The bapticostal Misfit

Bec’s first book is available now on Kindle or in Print.

You can purchase it here: https://a.co/d/1nmI8ng

Here in an excerpt from her new book:

I worked at a chicken wing restaurant as a manager whilst in my third year of seminary. The college boys cooking in the kitchen used to flirt with me. At first it started as innuendos, and double entendre, and crude jesting. One night, I held my clipboard as I did weekly inventory. Counting chicken legs, counting chicken wings, counting frozen burger patties in the cooler, and I felt something brush against me as I bent over. I stood up, quickly. The young fry cook, smiled at me and winked. I told him to leave the cooler. He said, “you really don’t mean that.” I said, “Boy, you better get out of here.” He did. He tempted me, but I was his boss. I wanted to be ethical. And I am supposed to be representing Jesus out here in the world. Temptation lurked behind every corner.
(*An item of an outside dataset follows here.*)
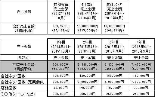 事業計画上の本匿名組合契約会計期間(2014年4月~2018年3月)の累計売上高は16,080千円(月平均売上金額335千円)であり、本匿名組合における累計リクープ売上高は10,000千円(月平均売上金額208千円)です。なお、営業者の前期(2012年9月~2013年8月)の売上金額は409千円です。
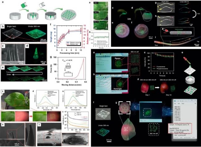 利用植物發(fā)光標(biāo)簽構(gòu)建植物信息云平臺的示意圖在先前報道的工作中,將材料送入植物的常用方法包括葉面噴霧、根部吸收和樹干/葉柄注射。然而,這些方法在將微米級顆粒送入植物方面存在局限性。雖然樹干/葉柄注射方法可以通過機械損傷角質(zhì)層和表皮等屏障直接進入維管系統(tǒng),但其侵入性使其只適合某些大型木本植物。近年來,微針貼片因其最小的侵入性、安全性和效率,在藥物輸送應(yīng)用中被使用,呈現(xiàn)出一種有前景的替代方案。在先前的報告中,近紅外發(fā)光顆粒通過微針貼片注入皮膚,以記錄疫苗接種的長期信息。從醫(yī)療領(lǐng)域的微針貼片中汲取靈感,研究人員采用它們將長余輝材料送入植物葉片,實現(xiàn)信息記錄和編碼。為了構(gòu)建植物中的信息記錄平臺,首先將SAO與H3PO4封裝以增強耐水性,并在植物復(fù)雜的內(nèi)部環(huán)境中保持穩(wěn)定的發(fā)光。然后,將微針貼片的尖端裝載SAO@H3PO4,創(chuàng)建排列良好的發(fā)光陣列,為植物提供特定的編碼信息。這些信息的匯編旨在建立一個智能農(nóng)業(yè)平臺,其中植物發(fā)光標(biāo)簽作為通往云平臺的門戶,用于存儲各種生理信息,并實現(xiàn)基于物聯(lián)網(wǎng)的精準(zhǔn)農(nóng)業(yè)系統(tǒng)。

I felt like I lived inside of a fighting game, where the end of each level a huge boss came out to fight- and they were always men. One of the fry cooks kept flirting with me. Eventually, I met up with him in the middle of the night and told him to hop in my car. I drove to a beautiful park, sure that we would be alone. We made out in my car, and I convinced him to move to the back seat. I kept thinking that park security would drive up on the ford focus with steamed up windows and bumper stickers, and I’d be arrested for indecent exposure. Yet, my libido raged. He stopped kissing me for a minute and asked some question about God. I shrank into the seat, feeling guilty, with my bra almost undone, and then looked at him. I told him God loved him so much, no matter how grave he thought his sin was. And then we just sat there. We sat in silence in the thick, black night of the Ozarks. Until a blinding light shun through my windows as park security pulled up. I jumped from the backseat to the front seat, cranked the car, and started praying out loud the whole way down interstate in Springfield, Missouri. That poor fry cook heard me repenting loudly.